Sometimes you're working on a new project and realize that you need to do something in the same way as you did in another project. This thing might not be a functionality or a library, it might not be something which you can encode into some clever macro or small crate. Instead, it may be simply a pattern, or a structural concept which addresses a problem nicely.

One interesting pattern that is commonly applied to problems is that of the 'State Machine'. Let's take some time to consider what exactly we mean when we say that, and why they're interesting.

Throughout this post you can run all examples in the playground, I typically use 'Nightly' out of habit.

There are a lot of resources and topical articles about state machines out there on the internet. Even more so, there are a lot of implementations of state machines.

Just to get to this web page you used one. You can model TCP as a state machine. You can model HTTP requests with one too. You can model any regular language, such as a regex, as a state machine. They're everywhere, hiding inside things we use every day.

So, a State Machine is any 'machine' which has a set of 'states' and 'transitions' defined between them.

When we talk about a machine we're referring to the abstract concept of something which does something. For example, your 'Hello World!' function is a machine. It is started and eventually outputs what we expect it to. Some model which you use to interact with your database is just the same. We'll regard our most basic machine simply as a struct that can be created and destroyed.

struct Machine;

fn main() {
  let my_machine = Machine;   }

States are a way to reason about where a machine is in its process. For example, we can think about a bottle filling machine as an example. The machine is in a 'waiting' state when it is waiting for a new bottle. Once it detects a bottle it moves to the 'filling' state. Upon detecting the bottle is filled it enters the 'done' state. After the bottle is left the machine we return to the 'waiting' state.

A key takeaway here is that none of the states have any information relevant for the other states. The 'filling' state doesn't care how long the 'waiting' state waited. The 'done' state doesn't care about what rate the bottle was filled at. Each state has discrete responsibilities and concerns. The natural way to consider these variants is as an enum.

enum BottleFillerState {
  Waiting { waiting_time: std::time::Duration },
  Filling { rate: usize },
  Done,
}

struct BottleFiller {
  state: BottleFillerState,
}

Using an enum in this way means all the states are mutually exclusive, you can only be in one at a time. Rust's 'fat enums' allow us to have each of these states to carry data with them as well. As far as our current definition is concerned, everything is totally okay.

But there is a bit of a problem here. When we described our bottle filling machine above we described three transitions: Waiting -> Filling, Filling -> Done, and Done -> Waiting. We never described Waiting -> Done or Done -> Filling, those don't make sense!

This brings us to the idea of transitions. One of the nicest things about a true state machine is we never have to worry about our bottle machine going from Done -> Filling, for example.

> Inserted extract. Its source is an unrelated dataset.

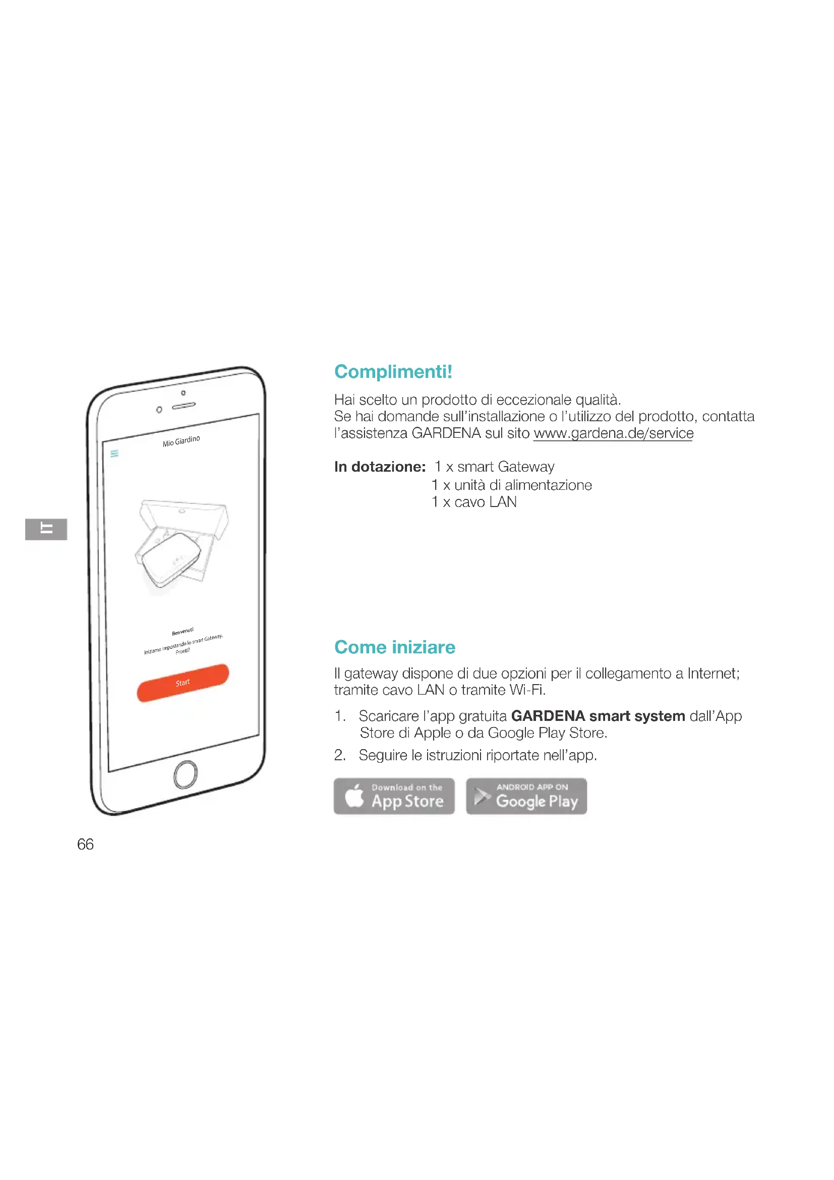 Complimenti! Hai scelto un prodotto di eccezionale qualità. Se hai domande sull’installazione o l’utilizzo del prodotto, contatta l’assistenza GARDENA sul sito www.gardena.de/service In dotazione: 1 x smart Gateway 1 x unità di alimentazione 1 x cavo LAN Come iniziare Il gateway dispone di due opzioni per il collegamento a Internet; tramite cavo LAN o tramite Wi-Fi.

The state machine pattern should enforce that this can never happen. Ideally this would be done before we even start running our machine, at compile time.

Let's look again at the transitions we described for our bottle filler in a diagram:

  +++++++++++   +++++++++++   ++++++++
  |         |   |         |   |      |
  | Waiting +-->+ Filling +-->+ Done |
  |         |   |         |   |      |
  ++++-++++-+   +++++++++++   +--+++++
       ^                         |
       +++++++++++++++++++++++++-+

As we can see here there are a finite number of states, and a finite number of transitions between these states. Now, it is possible to have a valid transition between each state and every other state, but in most cases this is not true.

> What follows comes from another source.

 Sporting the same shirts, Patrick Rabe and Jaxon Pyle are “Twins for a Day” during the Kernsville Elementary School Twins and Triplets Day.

This means moving between a state such as 'Waiting' to a state such as 'Filling' should have defined semantics. In our example this can be defined as "There is a bottle in place." In the case of a TCP stream it might be "We have received a FIN packet" which means we need to finish closing out the stream.

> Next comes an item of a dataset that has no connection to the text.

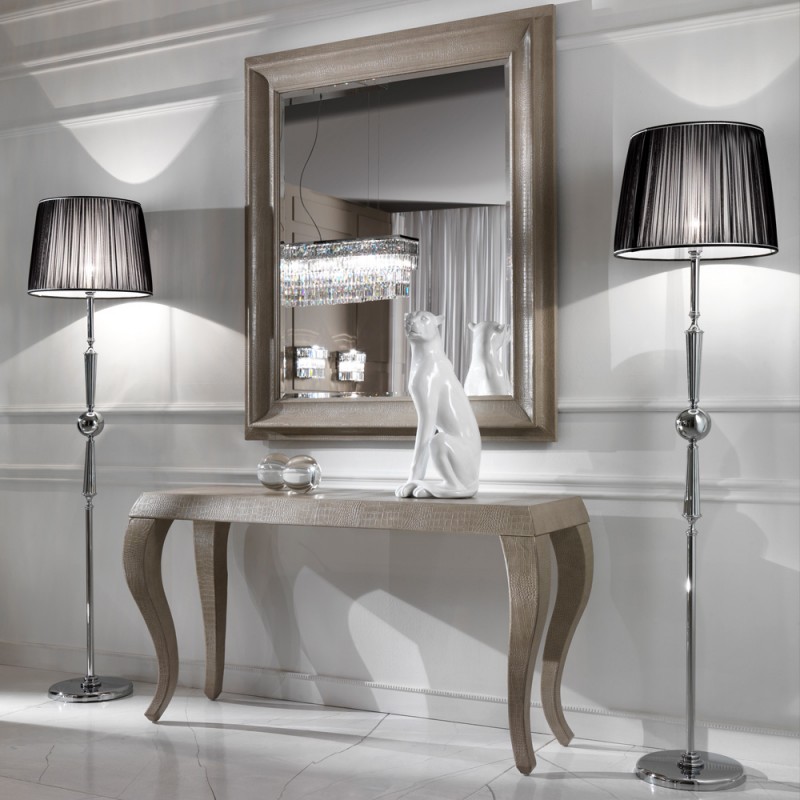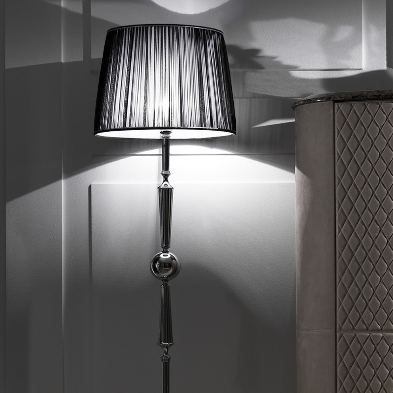The Chrome Contemporary Designer Italian Floor Lamp offers a modern touch. The ultimate statement indeed, adding magic and sparkle. Use in a bedroom, dining room, sitting room, or as a stunning welcome in any hallway. Beautifully striking especially when used paired symmetrically as shown. Truly versatile. Above all offering endless style and giving a luxurious atmosphere to any setting.

Now that we know what a state machine is, how do we represent them in Rust? First, let's think about what we want from some pattern.

Ideally, we'd like to see the following characteristics:

  • Can only be in one state at a time.
  • Each state should have its own associated values if required.
  • Transitioning between states should have well defined semantics.
  • It should be possible to have some level of shared state.
  • Only explicitly defined transitions should be permitted.
  • Changing from one state to another should consume the state so it can no longer be used.
  • We shouldn't need to allocate memory for all states. No more than largest sized state certainly
  • Any error messages should be easy to understand.
  • We shouldn't need to resort to heap allocations to do this. Everything should be possible on the stack.
  • The type system should be harnessed to our greatest ability.
  • As many errors as possible should be at compile-time.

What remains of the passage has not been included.